Возможно, это чувство подстерегало ее где-нибудь еще, в других, незнакомых обстоятельствах, и она всегда уносила его с собой, под меховыми манто, под платьями с блестками, тесно облегавшими ее пухлую невысокую фигурку. И, несомненно, по этой же причине она всегда выглядела какой-то пристыженной, говорила с прислугой и поставщиками извиняющимся тоном; даже ходила мелкими, торопливыми шажками, сутулясь, словно желая занимать в пространстве как можно меньше места. Ему очень хотелось порасспрашивать ее, но он не знал, с какими словами к ней приступиться; как-то раз он попробовал было заговорить с ней о людях в печатне – там, внизу, – но она торопливо ответила, стараясь говорить беззаботным тоном: «Да нет же, они вовсе не страдают, они привыкли. И потом, в жизни всем нам приходится делать что-то неприятное».

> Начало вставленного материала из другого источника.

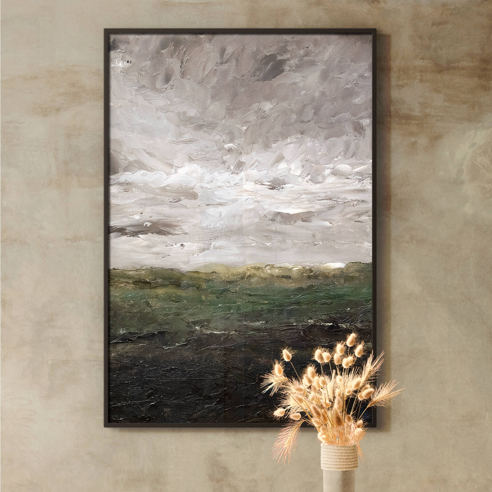 Poster with the painting Landscape study - Heden by August Strindberg. In the picture we see a beautiful, abstract heath with dull dark green colors under a gray sky. The image has a fantastic depth that invites the viewer.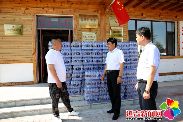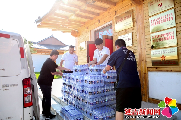 得知此情况后,在延吉市新时代文明实践中心的组织下,延边蓬莱爱心协会成员单位鑫德坤烧烤串城负责人胡宝刚带领企业员工为在太兴红色小镇做服务的工作人员们送去了100箱矿泉水,并叮嘱大家要注意防暑降温。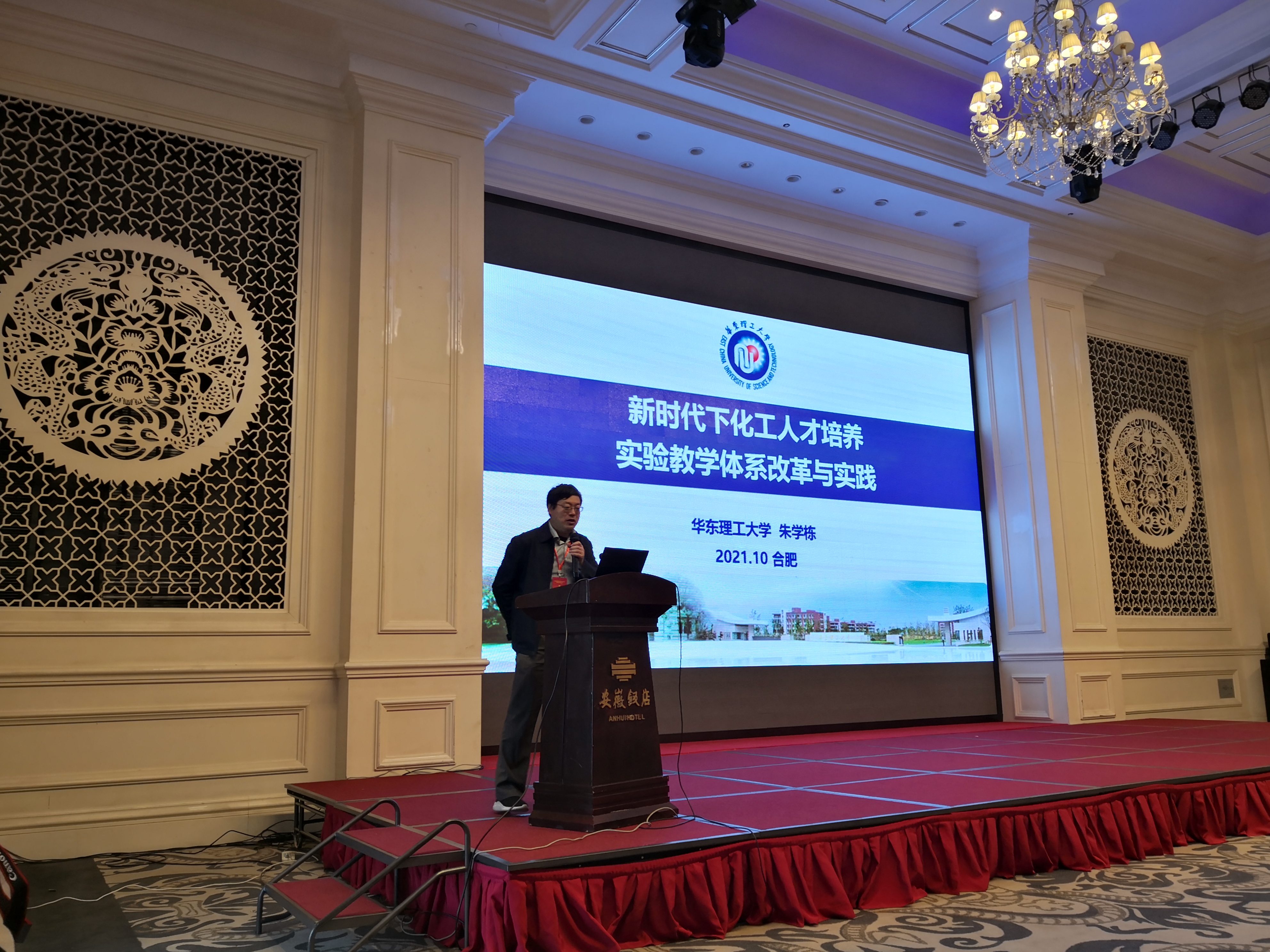 化工学院党委书记、化工实验教学中心主任朱学栋教授带队参加了本次研讨会,并做题为“新时代下化工人才培养实验教学体系改革与实践”的大会报告。报告主要介绍了,在“双碳”战略实施及“新工科”理念实践的背景下,为积极响应国家号召培养高质量人才,我院在化工专业实验教学的改革与探索中,通过重构多层次、模块化实验教学体系,将科研成果融入实验教学,开展探究式、自主式学习等方式,逐步提升学生解决复杂工程问题能力。我们还通过建设“绿色”实验案例,构建风险评估-安全准入-动态检查机制,在加强实验室安全管理的同时,厚植绿色发展观。

Большего он от нее и не ждал: то, что она говорила, было не так уж важно; ему всегда казалось, что она говорит для какого-то неведомого, но могущественного, дотошного свидетеля, которого ни в коем случае нельзя обидеть. Однако глядя, как она старательно выкраивает для ребенка своей кухарки одежки, которые вполне могла бы купить в любом дешевом магазине; как проводит ночи, исправляя неумелую штопку белья, сделанную ее горничной, он убеждался, что понимает ее. «Но это же глупо, зачем она этим занимается?!» – высокомерно говорили Сюзон и Элизабет. А она даже не пыталась оправдываться и с утра до вечера бегала туда-сюда, и хлопотала, и целыми часами катала в инвалидном кресле их старую парализованную гувернантку или объяснялась жестами со своей глухой кузиной. Она не любила ни старую гувернантку, ни эту кузину и хлопотала вовсе не ради них самих – просто старалась заглушить безрадостный запах, проникавший снизу в их квартиру.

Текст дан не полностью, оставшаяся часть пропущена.